- Given data
>>
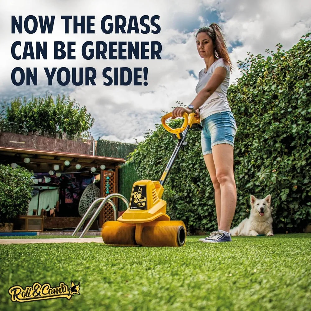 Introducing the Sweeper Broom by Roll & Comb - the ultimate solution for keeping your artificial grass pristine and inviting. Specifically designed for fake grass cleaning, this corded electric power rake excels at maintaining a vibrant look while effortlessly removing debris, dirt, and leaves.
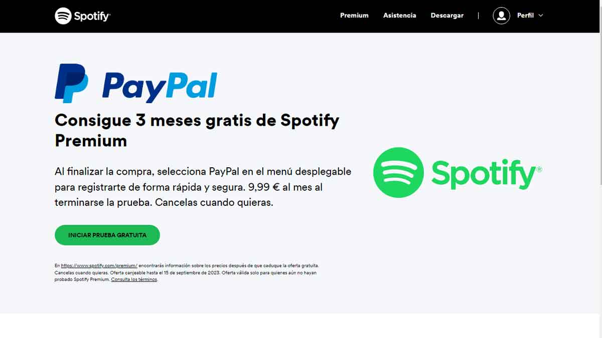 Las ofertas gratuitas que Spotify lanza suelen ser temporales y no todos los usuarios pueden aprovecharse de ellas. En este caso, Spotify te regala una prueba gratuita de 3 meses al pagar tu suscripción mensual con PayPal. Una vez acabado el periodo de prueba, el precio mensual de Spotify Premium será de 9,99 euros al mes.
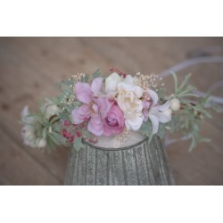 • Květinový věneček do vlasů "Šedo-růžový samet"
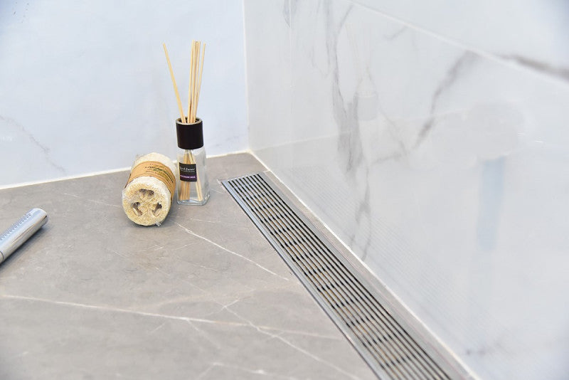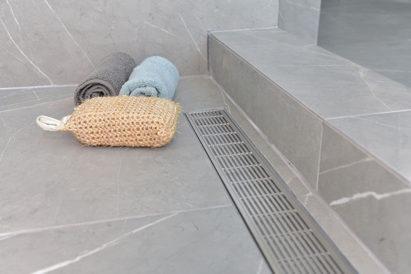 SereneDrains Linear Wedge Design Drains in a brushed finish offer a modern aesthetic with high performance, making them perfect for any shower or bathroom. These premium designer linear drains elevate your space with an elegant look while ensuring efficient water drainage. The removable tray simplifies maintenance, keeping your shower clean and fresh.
<<
>>
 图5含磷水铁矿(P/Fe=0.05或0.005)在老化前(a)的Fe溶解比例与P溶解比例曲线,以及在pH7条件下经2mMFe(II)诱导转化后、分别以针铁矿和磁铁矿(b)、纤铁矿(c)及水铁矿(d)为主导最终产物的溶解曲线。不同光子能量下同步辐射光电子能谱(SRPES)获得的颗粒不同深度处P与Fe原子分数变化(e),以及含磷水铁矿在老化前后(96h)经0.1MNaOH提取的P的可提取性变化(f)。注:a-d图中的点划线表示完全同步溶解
<<
>>
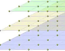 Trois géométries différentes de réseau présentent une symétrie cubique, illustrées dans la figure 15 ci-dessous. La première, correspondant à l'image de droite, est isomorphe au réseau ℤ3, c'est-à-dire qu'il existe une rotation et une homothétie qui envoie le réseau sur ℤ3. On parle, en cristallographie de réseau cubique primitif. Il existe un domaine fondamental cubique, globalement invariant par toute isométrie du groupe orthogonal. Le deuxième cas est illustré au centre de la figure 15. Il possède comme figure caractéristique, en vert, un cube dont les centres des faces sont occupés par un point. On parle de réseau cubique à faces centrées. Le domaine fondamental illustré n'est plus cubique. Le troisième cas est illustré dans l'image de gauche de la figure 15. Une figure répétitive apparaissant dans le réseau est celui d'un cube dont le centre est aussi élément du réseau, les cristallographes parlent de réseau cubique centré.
<<
- What you are asked to do
Exactly the lines above, from the one containing "Las ofertas gratuitas" down to the one containing "SereneDrains Linear Wedge", are to be repeated, including both ends. Pictures are not part of the copy.

- The answer
 Las ofertas gratuitas que Spotify lanza suelen ser temporales y no todos los usuarios pueden aprovecharse de ellas. En este caso, Spotify te regala una prueba gratuita de 3 meses al pagar tu suscripción mensual con PayPal. Una vez acabado el periodo de prueba, el precio mensual de Spotify Premium será de 9,99 euros al mes.
 • Květinový věneček do vlasů "Šedo-růžový samet"
 SereneDrains Linear Wedge Design Drains in a brushed finish offer a modern aesthetic with high performance, making them perfect for any shower or bathroom. These premium designer linear drains elevate your space with an elegant look while ensuring efficient water drainage. The removable tray simplifies maintenance, keeping your shower clean and fresh.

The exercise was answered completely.